For the better part of a decade the position of Italian thought in the Anglo-American academy has increasingly grown in importance. From issues as far ranging as bioethics and bioengineering, to euthanasia, to globalization, to theorizing gender, to the war on terror, works originating in Italy have played a significant, perhaps even the dominant, role in setting the terms and conditions of these debates. Indeed it might well be that no contemporary thought more than Italian enjoys greater success today in the United States. If twenty years of postmodernism and poststructuralism were in large measure the result of French exports to the United States—Derrida, Lacan, Deleuze, and Foucault—today a number of Italian philosophical exports are giving rise to a theoretical dispositif that goes under a variety of names: post-Marxist, posthuman, or most often biopolitical. Yet the fact that Italian thought enjoys such enormous success in the United States and elsewhere begs an important question, one put to me polemically recently by a prominent Italian philosopher. Is there really such a thing as contemporary Italian thought? And if there is what in the world do its proponents have in common?
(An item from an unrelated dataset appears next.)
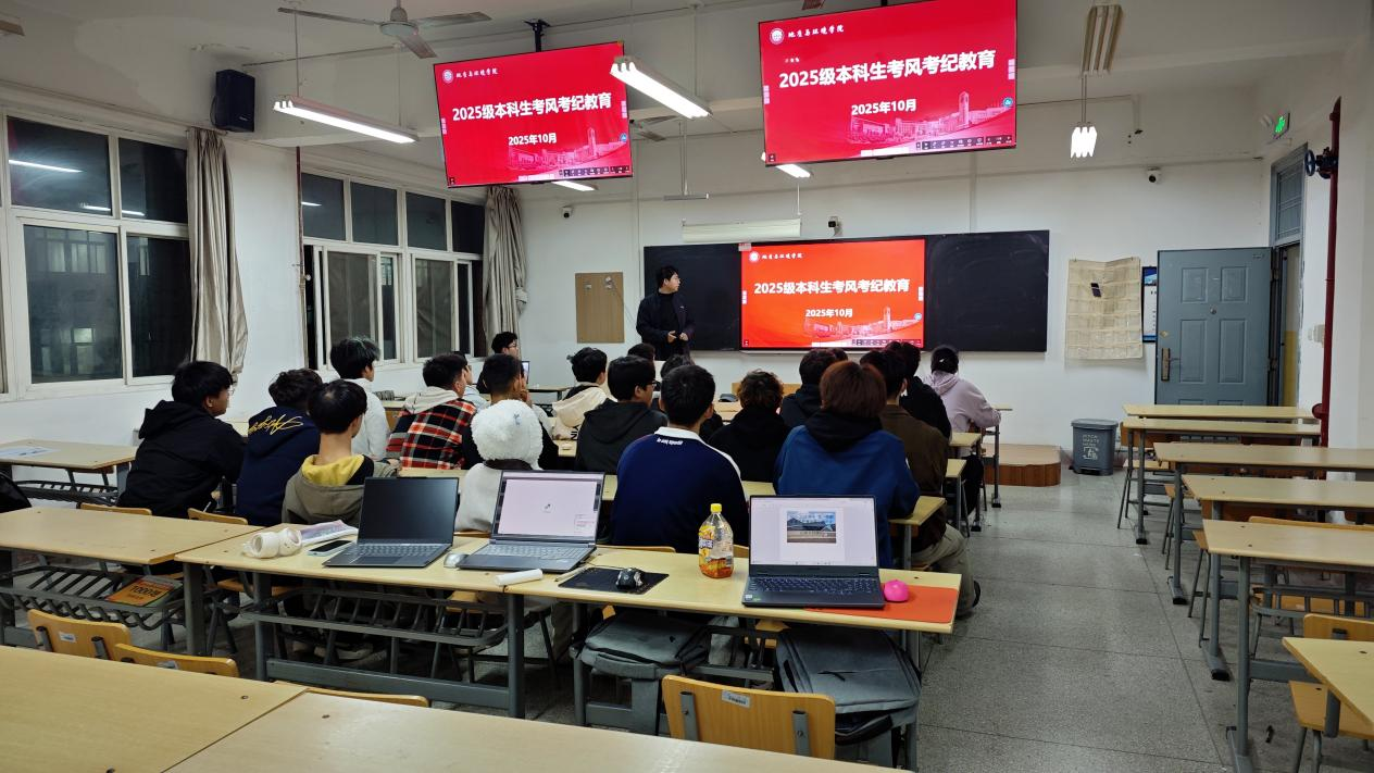 为营造公平、公正、诚实、守信的考试环境,进一步强化学风建设,引导学生树立正确的学习观和考试观,10月29日,学院召开2025级本科生考风考纪专题教育会。2025级辅导员周佳瑞主讲,全体2025级本科生参加会议。

By way of responding, it might be useful to recall some details about the recent reception of Italian thought in the American academy. In the aftermath of the end of the postmodern—which a number of American observers savored as spelling the end of the use and abuse of philosophy by large numbers of literary critics—two works appeared in English within a span of three years: Giorgio Agamben's Homo Sacer and Michael Hardt and Antonio Negri's Empire. Stepping into the void left by the departure of what in the United States was known as "theory," these works made a number of bold theoretical claims about the relation between political power and individual life (Agamben) and globalization and collective life (Hardt and Negri), claims that uncannily—sometimes almost prophetically—addressed some of the most pressing issues in our current state of affairs. Equally a number of important works of Italian feminism appeared over roughly the same period. Works by Adriana Cavarero and Rosi Braidotti, among others, deeply influenced a whole generation of American theorists in fields like gender studies, political philosophy, and law. Looking back it's difficult to overestimate the influence of all these figures when accounting for the intellectual success of Italian thought today. Certainly it became possible for other voices to be heard, Paolo Virno, and more recently Franco Berardi, Roberto Esposito, and Maurizio Lazzarato among others.

But to take up again the question at hand: what do authors as seemingly different as Agamben and Negri, Berardi and Esposito, Braidotti and Bodei, or Cavarero and Virno have in common outside of the mere fact of writing in Italian? Beyond a common language, is there, for example, such a thing as a common Italian philosophical tradition of which they are all a part? Some, most notably, Mario Perniola, would say yes, one found in the elements of repetition, transmission, mixture, and body that together forged an Italian philosophical culture over the last 300 years. Deleuze and Guattari would have said no, arguing that Italy has historically "lacked a milieu" for philosophy. For them the reason for this lack could be found in Italy's proximity to the Holy See, which continually aborted philosophy across the peninsula, reducing Italian thought to mere rhetoric, philosophy's shadow, and allowing only for the occasional "comet" to briefly light up the philosophical sky.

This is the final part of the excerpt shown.